Susie Hochenberg did her part to save her husband’s life: She donated a kidney. And Mount Sinai Health System did its part, saving Bill Hochenberg’s life four times. Now Susie is expressing her gratitude by donating part of the retirement annuity she built up while teaching middle school in Harlem for 27 years.
“I can’t begin to tell you how wonderful Mount Sinai is,” says Susie, who cites the Recanati/Miller Transplantation Institute and dialysis staff who performed the kidney surgeries. “The entire staff works together like a symphony orchestra: Everyone has their individual job but they all work together as one.
“My husband is back at work feeling great, and I feel great too,” says Susie, who is an active volunteer in Mount Sinai’s art program. “When you donate something as precious as a kidney, there are no bad days. I saved my husband’s life with the help of Mount Sinai.”
Mount Sinai first treated Bill—for cancer—when he and Susie were courting almost 40 years ago. Then, in preparation for the kidney transplant, he needed a quadruple heart bypass with an aortic valve replacement. That was followed by almost two years of life-saving kidney dialysis. “Giving him a new kidney was the fourth time saving his life,” Susie says.
She asserts that giving from her teachers’ annuity has been an easy way to say thanks.
“As a teacher you are allowed to put aside a percentage of your salary in a tax-deferred annuity from the board of education,” Susie explains. “I never touched it, and it accrued interest every year—so it has grown exponentially.” The gift qualifies the Hochenbergs for membership in the Legacy Society of Mount Sinai.
“The Mount Sinai doctors are amazing, and they stay there forever,” Susie says. “William Schwartz has been my husband’s interventional cardiologist for more than 20 years. Marvin Goldstein has been my husband’s internist for 40 years and even makes house calls. One time he came on a Sunday to our house when my husband was very ill. What doctor does that?”
She similarly praised the dialysis professionals and the transplant team, who managed her “living donor” surgery as well as Bill’s transplant procedure.
“My recovery was very fast: I was in the hospital for just two and a half days,” she says. You only need one kidney, and you are born with two. Eighteen Americans die each day waiting for a kidney. The best news I ever got was that I am a match to my husband. But if I hadn’t been a match, I could have donated to a stranger—and a stranger could have donated to my husband.”
Susie earned her bachelor’s degree at Mount Holyoke, followed by a fellowship at Columbia University’s Teachers College.

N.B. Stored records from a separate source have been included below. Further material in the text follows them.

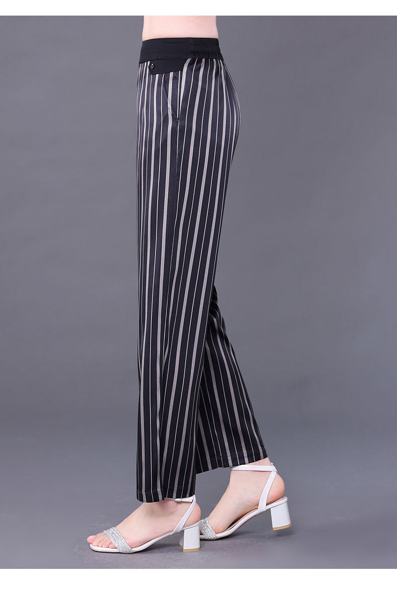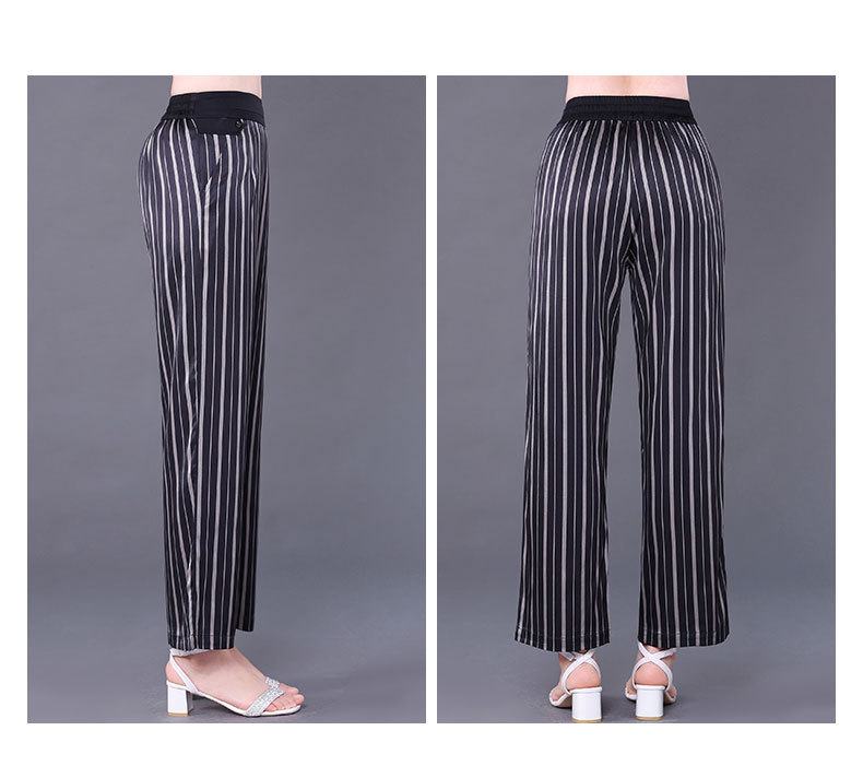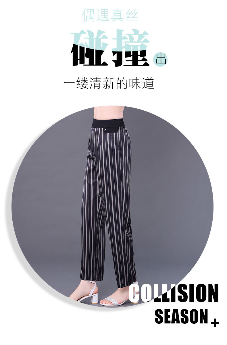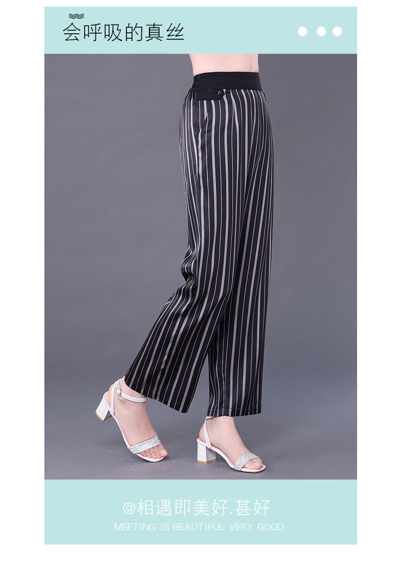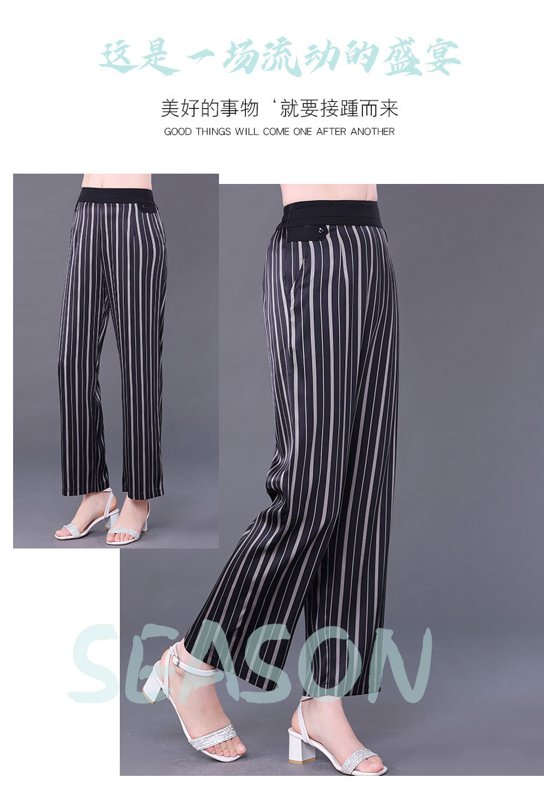 桑蚕丝竖条纹阔腿裤,新款薄款高腰直筒真丝垂感宽松裤子KQN-75623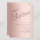 Une invitation Sweet 16 moderne. arrière - plan en or rose et le mot Seize écrit avec de grandes lettres. Personnalisez et ajoutez un nom et des détails du parti.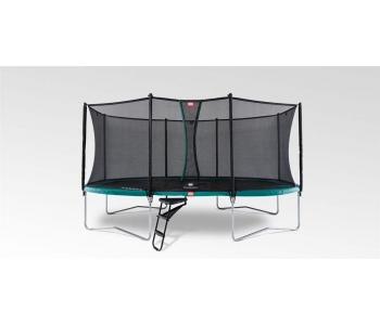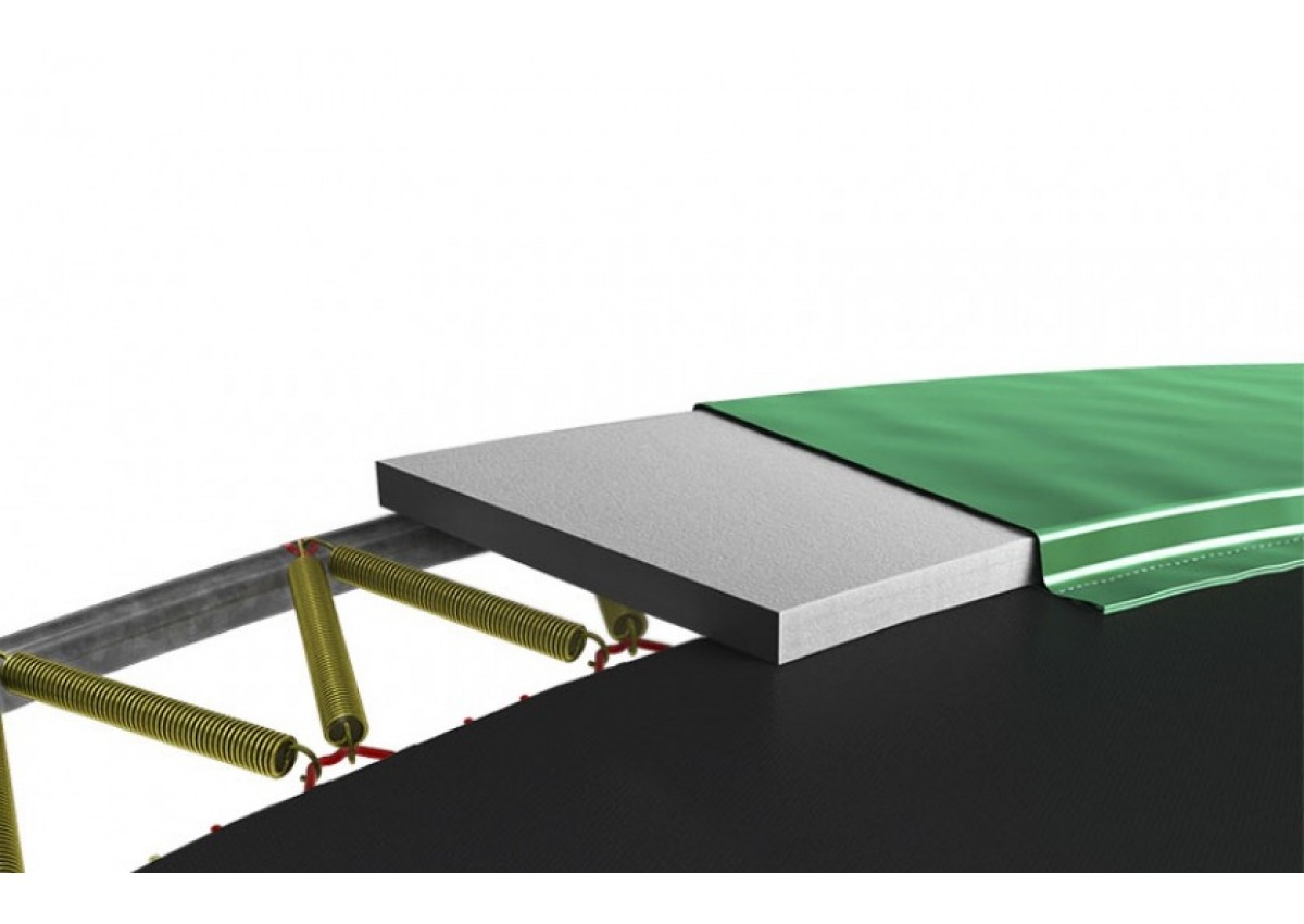 Батут Berg Grand Favorit Regular 520 Green + захисна сітка Safety Net Comfort (30.25.15.70 + 35.74.63.00) 30.25.65.70 формує найкращі умови для того, щоб на відкритому повітрі діти і навіть дорослі могли тренуватися, розвивати спортивну вправність і зміцнювати здоров'я. Великий простір стрибкової зони овальної форми дозволяє здійснювати стрибки з розгону, що добре позначається на їх висоті, а оснащення конструкції 126 пружинами Goldspring Solo довжиною 19 см в комбінації з надійної рамою з металу забезпечить хорошу стійкість всієї батутними установки в цілому і її здатність витримувати до 120 кг навантаження масою користувача.
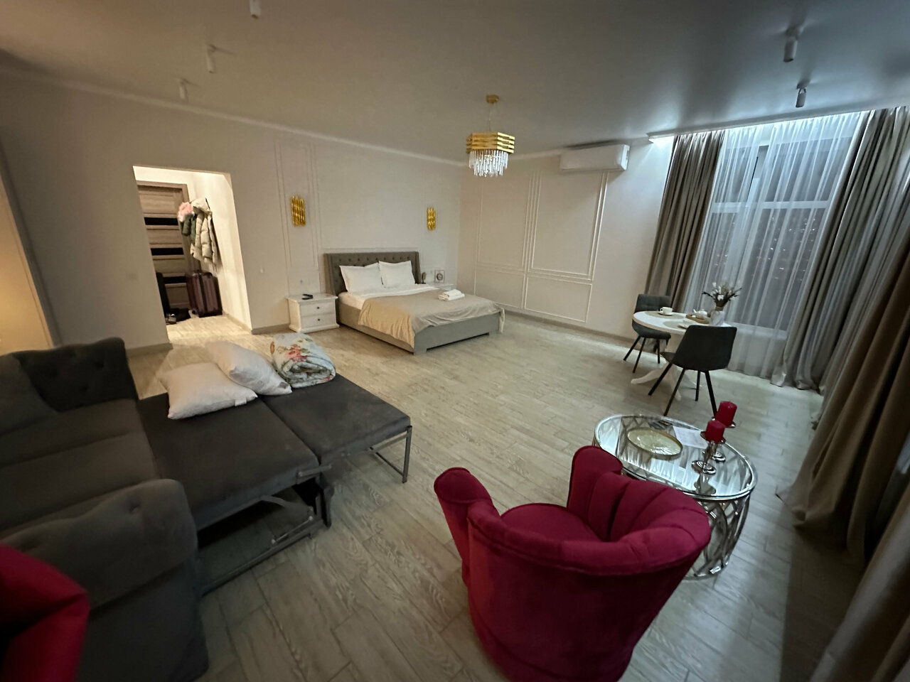 Место красивое, качественная мебель, мы брали номер с окном на потолке, но данное окно открыть оказалось самостоятельно не возможно, нужен специальный человек, который бы его открыл. В общем, с закрытым окном очень душно, пришлось держать открытой входную дверь , наутро проснулись с больными головами. В остальном все отлично было б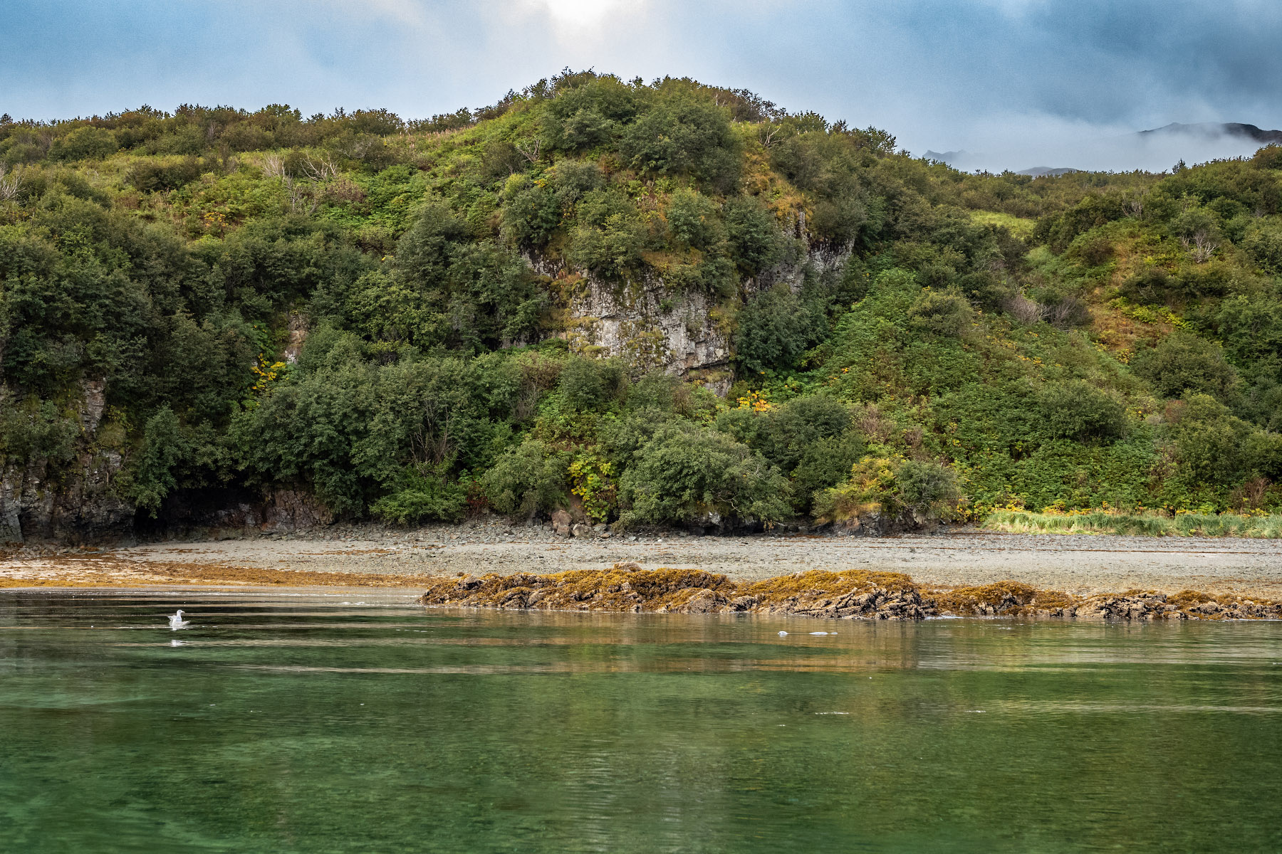 Naja, der Nachmittagsausflug war dann der Besichtigung der „Kathedrale“ gewidmet. Eine russisch orthodoxe Kirche. Recht interessant. Für die Ausflüge waren insgesamt 6 Shuttlebusse (jeder ca. 12 Sitze) eingeteilt. Einer fuhr z.B. vom Schiff bis zum WKII-Memorial, einer von dort zum Museum. Ein Schnellbus fuhr vom Schiff direkt zum Museum. Und von Museum fuhren 2-3 Busse über eine Sightseeing Route zur Kirche. Und genau so ging es in Etappen dann wieder zum Schiff retour. Also Hop on-Hop off. Das hat ganz gut funktioniert. Gestern waren wir noch sehr stolz auf unsere Adlersichtung. Heute war das schon normal. Es gibt hier viele Adler. Und viele Otter in der Bucht. Und jetzt sitzen wir am Aussichtsdeck Nr. 10 und schauen in die Gegend. Es war wieder ein guter Tag.

During her career teaching middle school language arts in central Harlem, she helped her students publish a magazine and create the first teen guide to Harlem—and was once named Teacher of the Year for Central Harlem’s school district. Since her retirement, Susie has taught herself to be a watercolor artist and a pianist—and exhibits both skills for the benefit of Mount Sinai. She teaches art to dialysis patients and has created dozens of hand-painted greeting cards for staff. Each year she puts on a recital on the hospital’s grand piano for April’s Donate Life month; this year she played Chopin and tunes from Fiddler on the Roof. Next year she plans to feature Simon and Garfunkel.
“As long as I can walk, I will be a volunteer at Mount Sinai—which has done so much for my family,” Susie says.